§ **What the exercise asks**
Nothing outside the range is wanted. Repeat exactly the lines below from the one with "- Übersichtsseiten mit" through the one with "サツキさんはメイさんより6個".

§ **Data to examine**
_ _ _ _

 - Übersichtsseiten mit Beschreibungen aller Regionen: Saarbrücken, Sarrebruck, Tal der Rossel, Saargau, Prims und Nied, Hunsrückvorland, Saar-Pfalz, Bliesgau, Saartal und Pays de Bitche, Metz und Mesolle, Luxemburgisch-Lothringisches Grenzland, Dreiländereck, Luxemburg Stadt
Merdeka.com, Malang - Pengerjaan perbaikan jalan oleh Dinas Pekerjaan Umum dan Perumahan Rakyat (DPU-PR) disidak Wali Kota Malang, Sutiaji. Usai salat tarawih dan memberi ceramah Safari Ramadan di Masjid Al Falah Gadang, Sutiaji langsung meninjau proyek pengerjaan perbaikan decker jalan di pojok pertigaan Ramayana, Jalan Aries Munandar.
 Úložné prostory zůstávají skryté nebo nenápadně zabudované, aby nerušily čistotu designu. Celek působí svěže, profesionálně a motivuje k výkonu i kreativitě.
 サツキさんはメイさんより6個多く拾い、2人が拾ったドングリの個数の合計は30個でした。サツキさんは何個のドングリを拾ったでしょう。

_ _ _ _

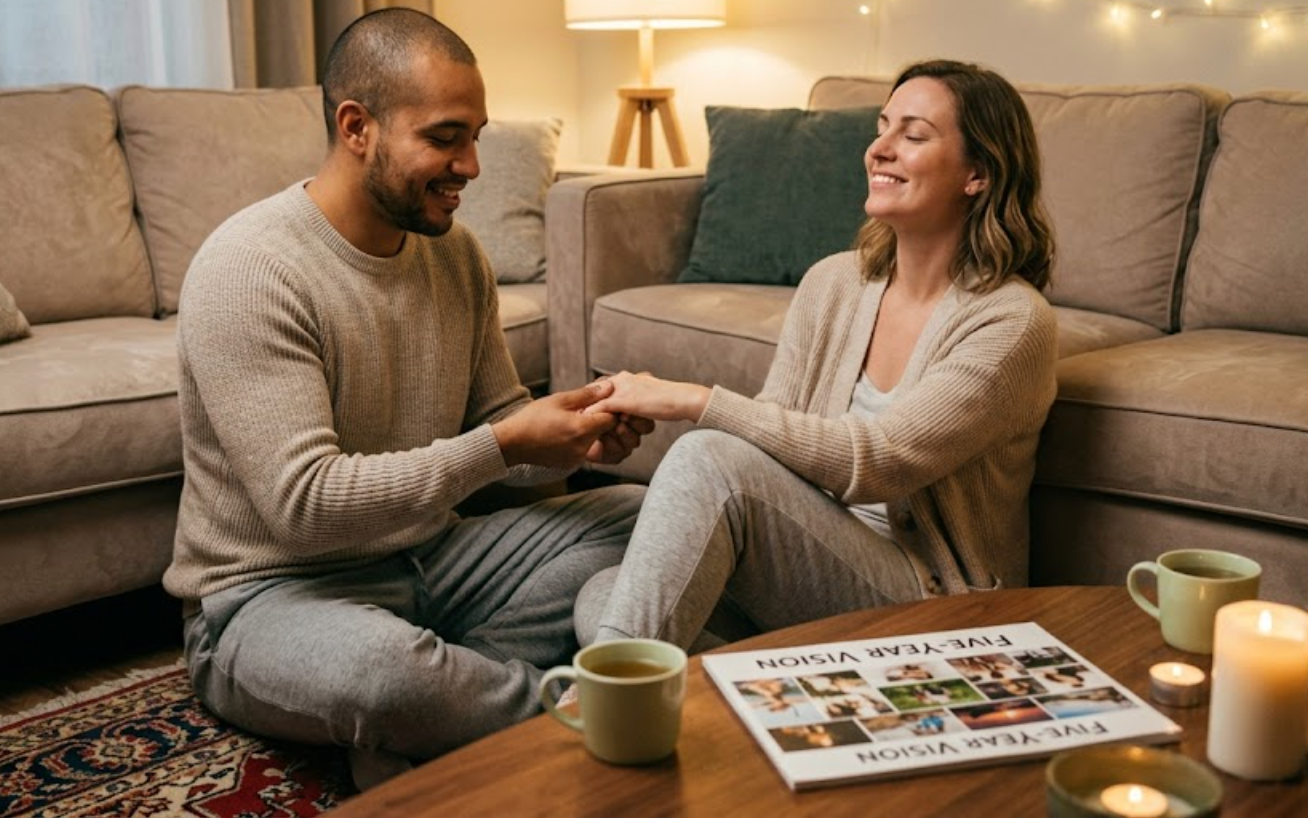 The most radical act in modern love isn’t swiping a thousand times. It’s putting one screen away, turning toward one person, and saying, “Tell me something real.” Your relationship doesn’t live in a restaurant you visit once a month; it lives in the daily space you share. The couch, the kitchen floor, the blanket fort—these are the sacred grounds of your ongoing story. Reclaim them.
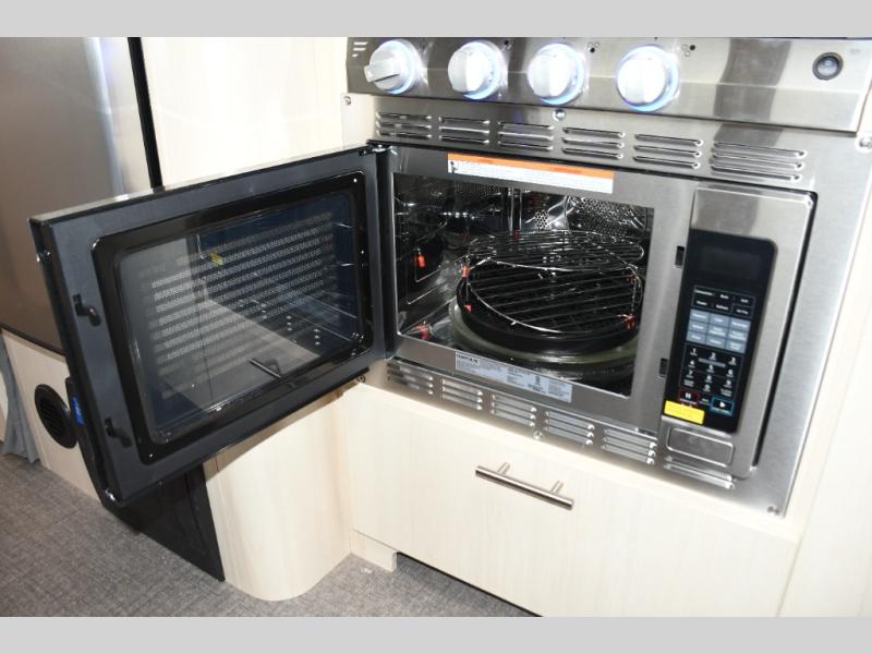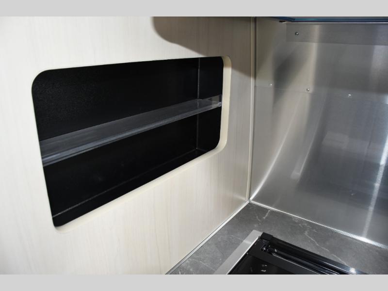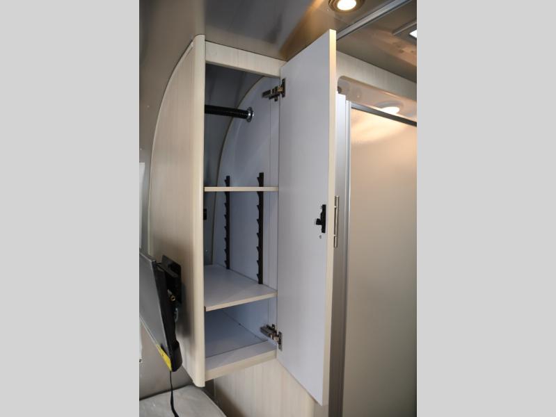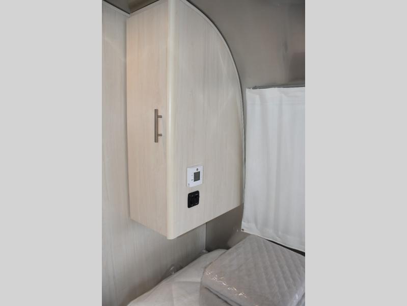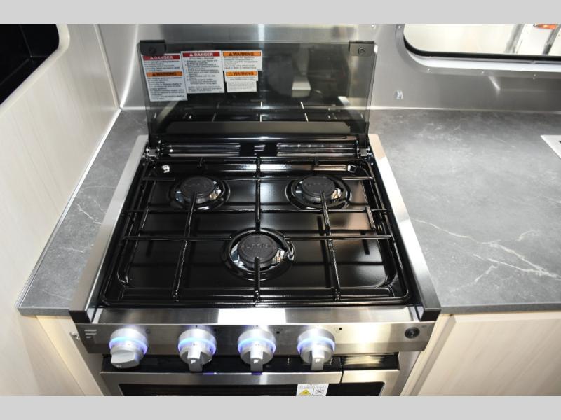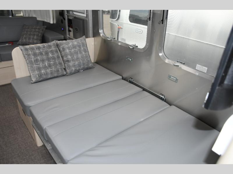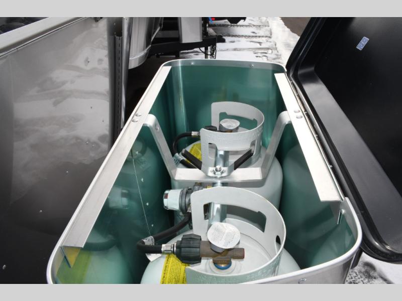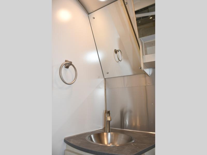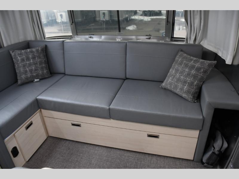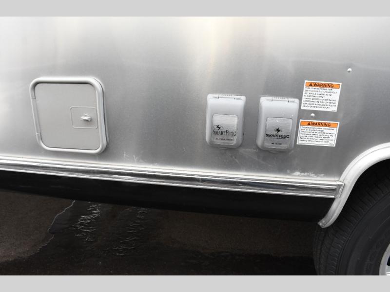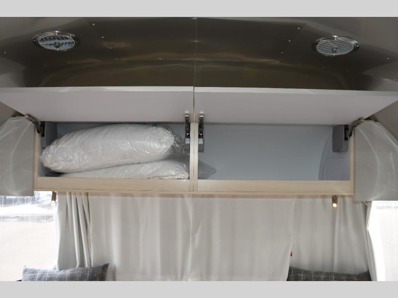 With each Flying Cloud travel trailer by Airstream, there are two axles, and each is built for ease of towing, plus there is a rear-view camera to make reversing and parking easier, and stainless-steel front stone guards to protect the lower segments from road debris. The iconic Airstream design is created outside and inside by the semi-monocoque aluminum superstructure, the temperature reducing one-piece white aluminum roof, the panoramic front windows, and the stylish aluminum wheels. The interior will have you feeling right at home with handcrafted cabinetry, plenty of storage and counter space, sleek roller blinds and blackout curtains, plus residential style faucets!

_ _ _ _

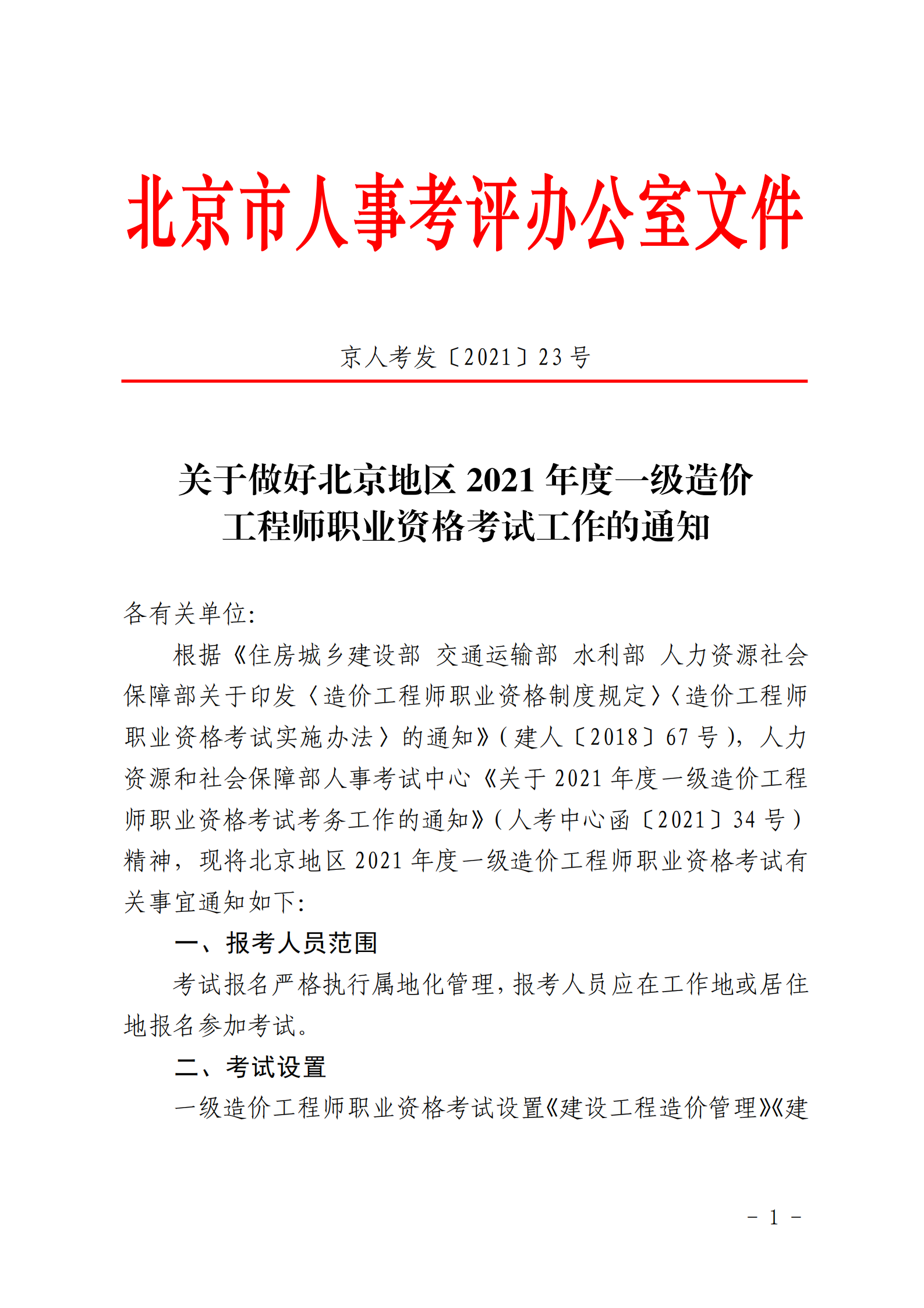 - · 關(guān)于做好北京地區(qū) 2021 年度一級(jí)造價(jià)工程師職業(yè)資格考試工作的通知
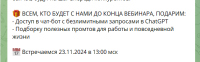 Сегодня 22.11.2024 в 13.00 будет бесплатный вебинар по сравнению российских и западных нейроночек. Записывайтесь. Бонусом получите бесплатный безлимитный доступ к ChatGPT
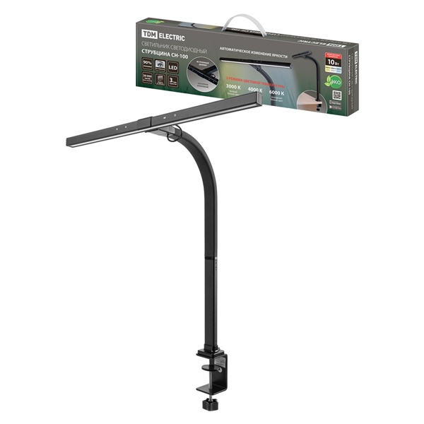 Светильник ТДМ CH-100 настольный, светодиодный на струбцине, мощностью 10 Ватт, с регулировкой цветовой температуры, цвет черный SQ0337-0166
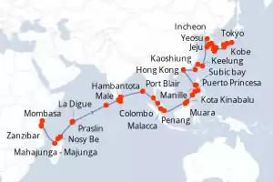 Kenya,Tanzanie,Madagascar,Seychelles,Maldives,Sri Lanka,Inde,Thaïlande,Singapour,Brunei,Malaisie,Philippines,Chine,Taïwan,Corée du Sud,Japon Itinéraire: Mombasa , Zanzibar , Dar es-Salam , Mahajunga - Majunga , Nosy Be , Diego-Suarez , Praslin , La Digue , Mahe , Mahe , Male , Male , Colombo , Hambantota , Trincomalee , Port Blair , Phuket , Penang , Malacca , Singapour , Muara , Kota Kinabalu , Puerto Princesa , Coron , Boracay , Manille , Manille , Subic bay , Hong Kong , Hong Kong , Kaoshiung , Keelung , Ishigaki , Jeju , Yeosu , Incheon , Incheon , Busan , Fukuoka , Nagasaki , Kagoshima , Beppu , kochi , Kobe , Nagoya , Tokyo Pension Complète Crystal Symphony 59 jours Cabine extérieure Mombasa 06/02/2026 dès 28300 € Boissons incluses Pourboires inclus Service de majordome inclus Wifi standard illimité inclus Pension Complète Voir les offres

_ _ _ _

§ **Solution to this exercise**
 - Übersichtsseiten mit Beschreibungen aller Regionen: Saarbrücken, Sarrebruck, Tal der Rossel, Saargau, Prims und Nied, Hunsrückvorland, Saar-Pfalz, Bliesgau, Saartal und Pays de Bitche, Metz und Mesolle, Luxemburgisch-Lothringisches Grenzland, Dreiländereck, Luxemburg Stadt
Merdeka.com, Malang - Pengerjaan perbaikan jalan oleh Dinas Pekerjaan Umum dan Perumahan Rakyat (DPU-PR) disidak Wali Kota Malang, Sutiaji. Usai salat tarawih dan memberi ceramah Safari Ramadan di Masjid Al Falah Gadang, Sutiaji langsung meninjau proyek pengerjaan perbaikan decker jalan di pojok pertigaan Ramayana, Jalan Aries Munandar.
 Úložné prostory zůstávají skryté nebo nenápadně zabudované, aby nerušily čistotu designu. Celek působí svěže, profesionálně a motivuje k výkonu i kreativitě.
 サツキさんはメイさんより6個多く拾い、2人が拾ったドングリの個数の合計は30個でした。サツキさんは何個のドングリを拾ったでしょう。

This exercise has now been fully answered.